WORK TO COMPLETE: Nothing should be omitted: restate the full listing word for word.

· · · · · · ·

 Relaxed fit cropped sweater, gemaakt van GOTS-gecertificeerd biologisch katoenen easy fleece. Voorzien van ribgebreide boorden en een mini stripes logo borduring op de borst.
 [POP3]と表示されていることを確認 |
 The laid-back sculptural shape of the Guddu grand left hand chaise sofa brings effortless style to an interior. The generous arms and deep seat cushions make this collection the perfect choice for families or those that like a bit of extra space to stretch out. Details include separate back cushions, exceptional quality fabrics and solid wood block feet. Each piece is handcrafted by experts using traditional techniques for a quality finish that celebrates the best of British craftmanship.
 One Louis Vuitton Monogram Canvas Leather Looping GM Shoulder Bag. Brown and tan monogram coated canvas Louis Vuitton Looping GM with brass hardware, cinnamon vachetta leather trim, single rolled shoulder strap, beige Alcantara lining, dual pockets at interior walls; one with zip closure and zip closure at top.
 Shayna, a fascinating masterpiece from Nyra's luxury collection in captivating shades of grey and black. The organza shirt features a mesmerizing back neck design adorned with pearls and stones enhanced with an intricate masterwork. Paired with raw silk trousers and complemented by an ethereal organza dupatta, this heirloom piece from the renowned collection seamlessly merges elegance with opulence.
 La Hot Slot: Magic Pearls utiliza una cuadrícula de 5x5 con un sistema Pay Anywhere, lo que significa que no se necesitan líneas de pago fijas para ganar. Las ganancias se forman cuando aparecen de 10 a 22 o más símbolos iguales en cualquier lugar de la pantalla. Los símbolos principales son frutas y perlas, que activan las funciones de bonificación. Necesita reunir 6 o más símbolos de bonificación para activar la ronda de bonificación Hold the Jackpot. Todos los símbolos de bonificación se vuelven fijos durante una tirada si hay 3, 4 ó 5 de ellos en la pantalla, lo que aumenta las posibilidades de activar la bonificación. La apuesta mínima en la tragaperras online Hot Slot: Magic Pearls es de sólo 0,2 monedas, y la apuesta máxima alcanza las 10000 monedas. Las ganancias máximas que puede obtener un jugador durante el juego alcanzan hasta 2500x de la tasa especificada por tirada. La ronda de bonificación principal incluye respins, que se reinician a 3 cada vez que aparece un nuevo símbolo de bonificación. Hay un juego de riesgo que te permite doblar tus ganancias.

· · · · · · ·

OUTPUT FOR THIS TASK:
 Relaxed fit cropped sweater, gemaakt van GOTS-gecertificeerd biologisch katoenen easy fleece. Voorzien van ribgebreide boorden en een mini stripes logo borduring op de borst.
 [POP3]と表示されていることを確認 |
 The laid-back sculptural shape of the Guddu grand left hand chaise sofa brings effortless style to an interior. The generous arms and deep seat cushions make this collection the perfect choice for families or those that like a bit of extra space to stretch out. Details include separate back cushions, exceptional quality fabrics and solid wood block feet. Each piece is handcrafted by experts using traditional techniques for a quality finish that celebrates the best of British craftmanship.
 One Louis Vuitton Monogram Canvas Leather Looping GM Shoulder Bag. Brown and tan monogram coated canvas Louis Vuitton Looping GM with brass hardware, cinnamon vachetta leather trim, single rolled shoulder strap, beige Alcantara lining, dual pockets at interior walls; one with zip closure and zip closure at top.
 Shayna, a fascinating masterpiece from Nyra's luxury collection in captivating shades of grey and black. The organza shirt features a mesmerizing back neck design adorned with pearls and stones enhanced with an intricate masterwork. Paired with raw silk trousers and complemented by an ethereal organza dupatta, this heirloom piece from the renowned collection seamlessly merges elegance with opulence.
 La Hot Slot: Magic Pearls utiliza una cuadrícula de 5x5 con un sistema Pay Anywhere, lo que significa que no se necesitan líneas de pago fijas para ganar. Las ganancias se forman cuando aparecen de 10 a 22 o más símbolos iguales en cualquier lugar de la pantalla. Los símbolos principales son frutas y perlas, que activan las funciones de bonificación. Necesita reunir 6 o más símbolos de bonificación para activar la ronda de bonificación Hold the Jackpot. Todos los símbolos de bonificación se vuelven fijos durante una tirada si hay 3, 4 ó 5 de ellos en la pantalla, lo que aumenta las posibilidades de activar la bonificación. La apuesta mínima en la tragaperras online Hot Slot: Magic Pearls es de sólo 0,2 monedas, y la apuesta máxima alcanza las 10000 monedas. Las ganancias máximas que puede obtener un jugador durante el juego alcanzan hasta 2500x de la tasa especificada por tirada. La ronda de bonificación principal incluye respins, que se reinician a 3 cada vez que aparece un nuevo símbolo de bonificación. Hay un juego de riesgo que te permite doblar tus ganancias.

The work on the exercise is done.